Хинта почувствовал себя абсолютно ужасно. Он тогда бросил Тави. Тави мог этого не признавать, но так оно и было.
– Здесь, наверное, была суматоха, – предположил он, борясь с неловкостью и чувством вины. – Я имею в виду, не из-за тебя, а из-за приезжих крайняков.
– Уже нет. Когда я мимо них проходил, они ложились спать. Все было очень тихо. Люди вели себя вежливо.
Они дошли до перекрестка, где рабочие строили укрепления из бочек и валунов.
– У всех оружие, – оглядываясь, сказал Тави. – Скоро поселок будет сам на себя не похож. После вчерашнего мне кажется, что любой человек, даже тот, который не способен взять в руки ружье, внутренне создан для жизни в обстановке войны. Интересно, может, омары затем и приживляют пулеметы прямо к самим себе – для них это своего рода вершина постижения человеческой природы?
– Да, я тоже заметил, что некоторых оружие дополняет, будто им всегда его не доставало. Но омары-то не люди.
– А люди это люди? До вчерашнего дня я думал, что мама вообще никогда меня не ударит. Я даже представить себе не мог, с какой тупостью, с каким равнодушием она на самом деле смотрит на мир. И я бы никогда раньше не поверил, что она беспрекословно и подобострастно подчиняется этому недалекому негодяю Джифою.
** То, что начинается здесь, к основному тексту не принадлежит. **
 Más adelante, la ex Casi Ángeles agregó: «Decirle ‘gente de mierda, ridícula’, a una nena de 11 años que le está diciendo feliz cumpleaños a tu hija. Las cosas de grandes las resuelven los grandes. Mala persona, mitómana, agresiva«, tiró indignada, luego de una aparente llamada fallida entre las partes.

– Она же на него работает.
– Я раньше думал, что она за свою большую зарплату улучшает ему прирост фрата, а вчера оказалось, что он ей нравится. Я имею в виду, не как работодатель, а вообще. Я не понимаю, что между ними, но я это видел. – Тави передернуло, его голос снова повело в слезы. – На него работают все. Но большинство его сотрудников от него не в восторге, а она ест у него с руки.
– Они что...,
– Я не знаю. И не очень хочу знать. Просто это так странно и страшно – чувствовать, что у близкого тебе человека есть сторона жизни, которая от тебя скрыта. Да и человек этот, возможно, не был тебе близким, а просто носил маску. Она думала, что я ребенок, и все было замечательно, так как можно было не принимать всерьез наши слова и игры. Но вот я вырос с верой в эти слова и игры, и оказалось, что весь мой мир состоит из них. А ее мир всегда состоял из чего-то другого. И получилось, что она вырастила чужого себе человека – то есть меня. Но как можно было так сделать? Это что, такая особенная глупость? Или взрослые просто не понимают смысла легенд и не придают им значения, притом что сами, должно быть, на них росли?
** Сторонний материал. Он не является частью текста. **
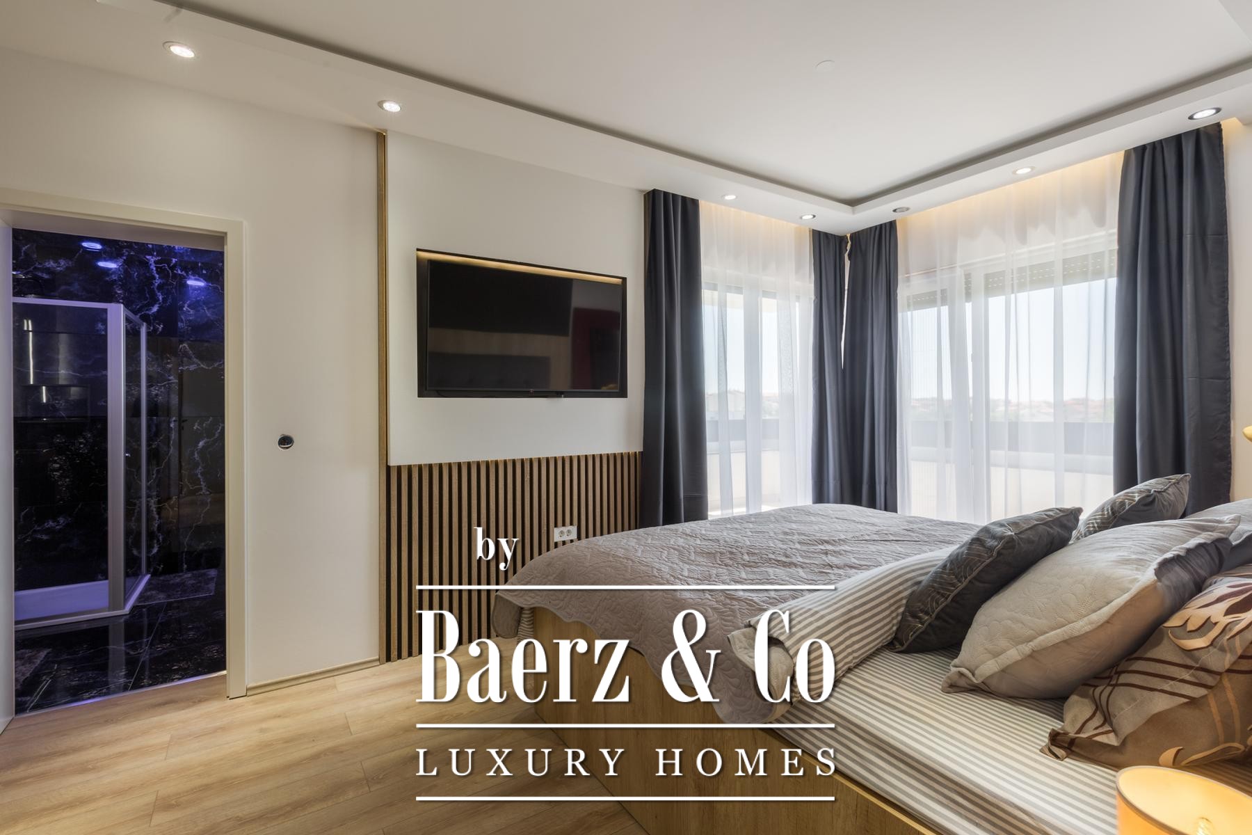 throughout the staircase. This floor houses three elegant and spacious bedrooms, each meticulously furnished with an emphasis on comfort and privacy. Each bedroom features its own modern en-suite bathroom, equipped with premium sanitary ware and designer details, ensuring complete comfort for every resident or guest. The master bedroom particularly stands out, offering generous space, providing a private sanctuary for rest and relaxation. All three bedrooms have direct access to a large covered terrace, offering views of the surroundings and ideal for morning coffee or evening relaxation in the fresh air.This exceptional property is equipped with the latest 'smart home' system, allowing you full control over lighting, temperature, security, and other villa functions via smartphone or tablet, achieving an unprecedented level of comfort and energy efficiency. The fireplace in the living room provides additional warmth and ambiance during cooler months, while a dedicated storage room within the villa offers a practical solution for belongings. The villa comes fully furnished and ready for immediate occupancy, with carefully chosen furniture and decorations that reflect a modern yet warm style.The villa's entrance courtyard is cleverly designed with ample space for parking three vehicles, discreetly located in a lower terrain section, thus not disturbing the aesthetic harmony of the entire property. This is an ideal property for anyone seeking a luxurious family home, a peaceful holiday retreat, or an exceptional investment opportunity for tourism purposes. Medulin, with its rich amenities, beautiful beaches, and proximity to Pula and the Brijuni National Park, offers inexhaustible possibilities for enjoying nature, culture, and active leisure. This villa represents the pinnacle of contemporary living in the heart of Istria, offering privacy, comfort, and incomparable beauty.Do not miss the opportunity to become the owner of this architectural gem in Medulin, where luxury meets nature, and modern design meets the warmth of a home. For more information about this beautiful villa and to arrange a viewing, we are at your disposal.

– Я правда верил в то, что ты найдешь с ней общий язык. И тоже не мог себе представить, чтобы она тебя ударила. Она вроде всегда была другая, не такая, как местные.
– Вот и возникает вопрос: кто такие люди? Посмотри на нашу историю. Одна цивилизация – Джидан – была более последовательной, чем две другие. Ее уничтожили. Один человек – Джилайси Аргнира – был еще более последовательным, чем даже его народ. В ответ его изгнали отовсюду, преследовали и хотели убить. На мой взгляд, Джилайси и, в меньшей степени, его народ, были людьми. Они развивали в себе идею того, как жить и быть человеком в духе легенд о добре. Если они были людьми, то мы – почти такие же нелюди, как омары. А если права противоположная сторона, которая верит, что человек – это воин, борец, захватчик и насильник, то тогда омары – это еще какие люди, а все остальные, включая нас, лишь подтягиваются к идеалу.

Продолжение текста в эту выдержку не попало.